Несмотря на большие расстояния и равнинную местность, в Аргентине, как и в большинстве других стран Латинской Америки, не распространены железные дороги. Их сеть затрагивает лишь северную часть страны и используется большей частью для грузовых перевозок. При этом билеты на поезда в три раза дешевле автобусных, но достать их можно только задолго до поездки. Ко всему прочему, поезда ходят не каждый день. Из трёх действующих классов даже самый дорогой «Pullman» предоставляет лишь старые потёртые сиденья в обветшалом вагоне семидесятых годов с дребезжащими окнами и изношенной подвеской. В России их, скорее всего, давно уже списали бы по непригодности. Вагонов купейного или плацкартного типа здесь нет совсем.
Железнодорожный транспорт повсеместно заменён автобусным сообщением. Оно соединяет не только все города страны, но и помогает добраться в соседние страны: Чили, Боливию, Парагвай и Бразилию. Комфортабельные двухэтажные автобусы по удобству ничуть не уступают самолётам, а зачастую даже превосходят их. В распоряжении пассажиров удобные кресла с откидывающимися спинками, подножки для ступней и поддержки голеней, широкие проходы, кофе-машины, горячее питание и удобные туалеты. Также здесь есть телевизоры, чтобы коротать путь за просмотром фильмов, а салон «Cama» равноценен бизнес-классу самолёта. Перевозки на территории страны осуществляют несколько компаний, что создаёт определённую конкуренцию. Но в целом качественный сервис приводит к тому, что цены здесь выше, чем в других регионах, правда, они примерно равны российским (при полном отсутствии в последних какого-либо комфорта). Большой поток пассажиров сделал необходимостью достаточный объём транспорта и его регулярность, поэтому приобрести билет в любую точку на ближайшее время обычно не вызывает проблем.
Для русского человека железная дорога имеет гораздо большее значение, чем просто средство передвижения. Мерный стук колёс, узорный подстаканник, гранёный стакан с горячим чаем, плацкарт или купе, располагающие к задушевным беседам со случайными попутчиками, пробуждают в нашей душе тёплые воспоминания и мечты о юге либо манят авантюрой и духом путешествий. Душные ли это вагоны с тяжёлым духом алкоголя, бегущие в Анапу, или состав, покрывшийся тонкой ледяной коростой по пути в морозный Новосибирск, – для нас они такие же родные, как и деревянные избы с покосившейся изгородью, заросшие тиной чёрные торфяные пруды или статные ели под снежными шапками. Они отстукивают барабанную дробь наступлений, поют колыбельную или читают мантры. Их очень много: больших и малых, новых и видавших виды, скорых и фирменных, пригородных и дальнего следования. Русские поезда забираются в самые дальние уголки страны, доставляя надежды, впечатления, волнение и усталость после тысяч километров пути. Стальные колёса утрамбовывают бесконечные погосты, выстланные миллионами костей заключённых, военнопленных и ссыльных, лишившихся жизни на их строительстве. И каждый железнодорожный путь – победа над стихией, каждая ветка – памятник человеческому подвигу, каждый километр – чья-то трагедия и боль. Поезда стали легендой, дополняющей биографию каждого из нас.

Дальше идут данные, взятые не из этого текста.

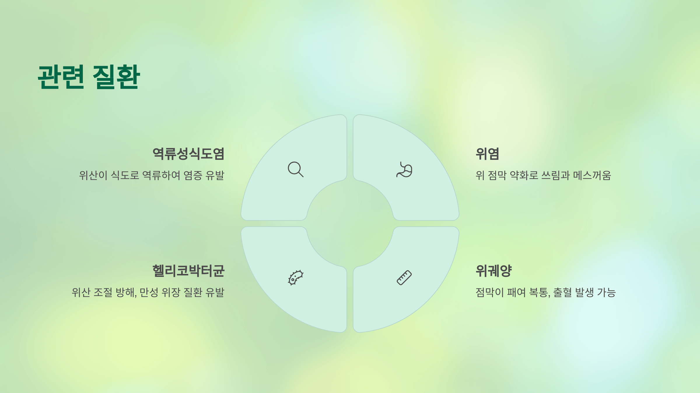 - 역류성식도염(GERD): 위산이 식도로 역류하면서 식도에 염증을 유발해요. 속쓰림이 대표 증상입니다.

Машина увозит нас от города на полуостров Вальдес (Valdes), расположенный несколько севернее Пуэрто-Мадрина. За богатый животный мир его включили в список Всемирного наследия ЮНЕСКО. По форме эта территория похожа на секиру викинга, а с берегом её соединяет лишь узкая перемычка, при проезде по которой видны оба берега. Дуги полуострова обрамляют два залива: Нуэво и Сан-Хосе. Несмотря на огромную территорию национального парка, здесь всего лишь один населённый пункт – Пуэрто-Пирамидас (Puerto Piramidas), насчитывающий менее пяти сотен жителей. Он сохранился ещё с тех времён, когда на многочисленных озёрах добывали соль. Одно из таких озёр углублено на отметку сорок метров ниже уровня моря, и это самая низкая точка во всей Южной Америке. По периметру полуострова расставлены маяки, рядом с которыми часто располагаются исследовательские станции зоологов и орнитологов.

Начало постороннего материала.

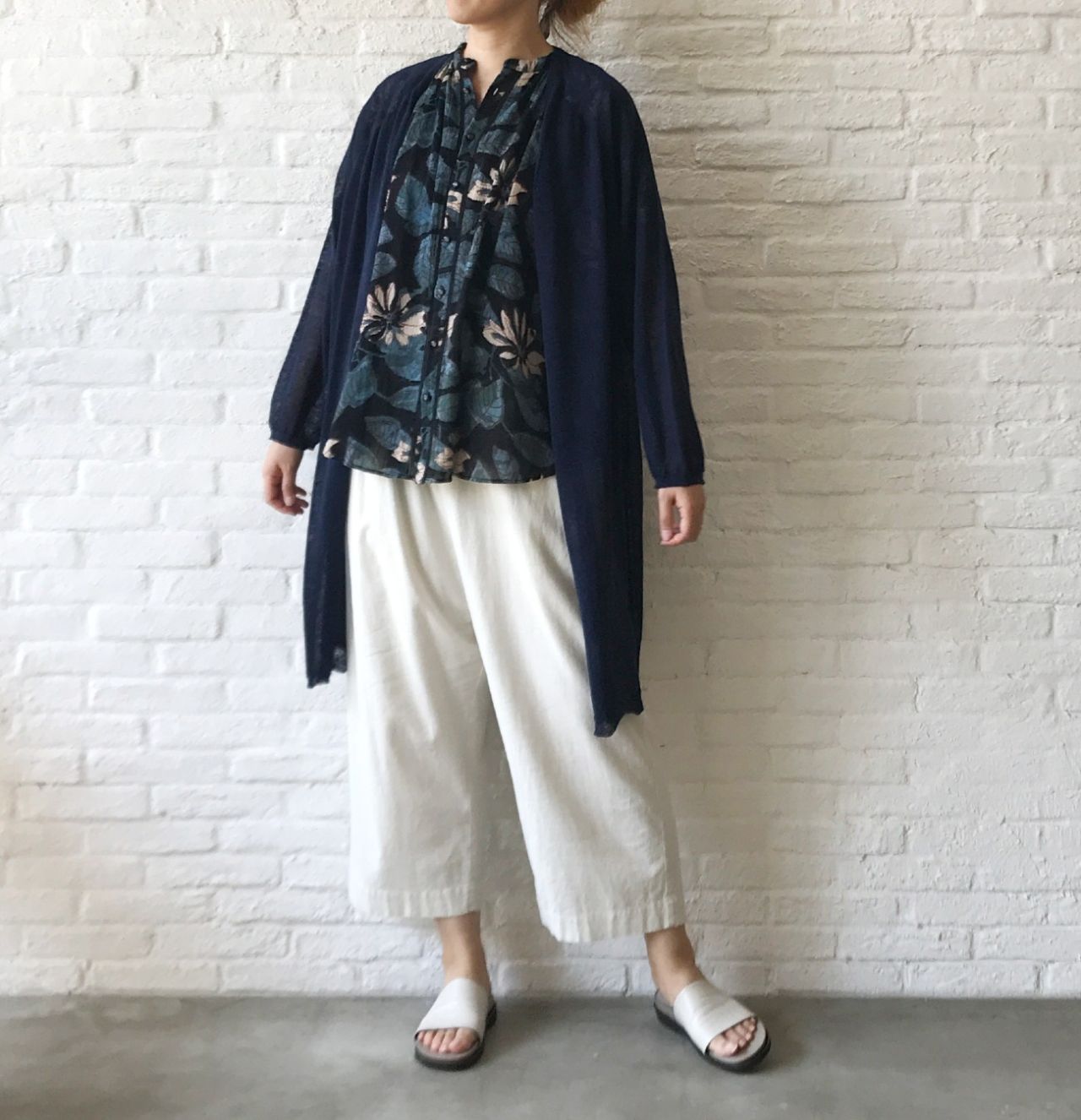 ネイビー×ホワイトのコーディネートで、見た目でも涼しく。

Выезд из Пуэрто-Мадрина охраняет огромный алюминиевый колосс компании «Aluar», построенный в 1974 году. Эта компания – единственный производитель алюминия в Аргентине, также она владеет одной из самых крупных фабрик Южной Америки. Завод стремительно развивается, постоянно обрастая всё новыми и новыми корпусами по обогащению алюминиевой руды, получению угольных электродов, выплавке алюминия. Сегодня его общая мощность составляет около 410 000 тонн алюминия в год. Уникальность этой фабрики заключается ещё в том, что рядом с ней нет ни сырьевой базы, ни источников электроэнергии, при том что производство алюминия – весьма энергозатратная отрасль промышленности. Всё сырьё здесь привозное: на завод оно прибывает по морю, поэтому совсем близко находится порт, куда причаливают сухогрузы из стран Карибского бассейна, Бразилии и Океании. От побережья к цехам тянутся гигантские ленточные транспортёры, доставляющие бокситы на обогащение и получение глинозёма. Электричество же поступает с гидроэлектростанции, расположенной в пятистах километрах западнее, на самой границе с Чили. Компания «Aluar» выкупила контрольный пакет акций ГЭС Футалеуфу ещё в конце восьмидесятых, тем самым подстраховав себя от возможных рисков, связанных с перебоями в поставках электроэнергии. Трансформаторные подстанции, автоклавы, декомпозеры, печи кальцинации, огромные электролизные ванны, административные корпуса и открытые площадки для хранения готовой продукции – всё это образует подобие огромного города, живущего своими производственными процессами на протяжении всех 24 часов без единой остановки.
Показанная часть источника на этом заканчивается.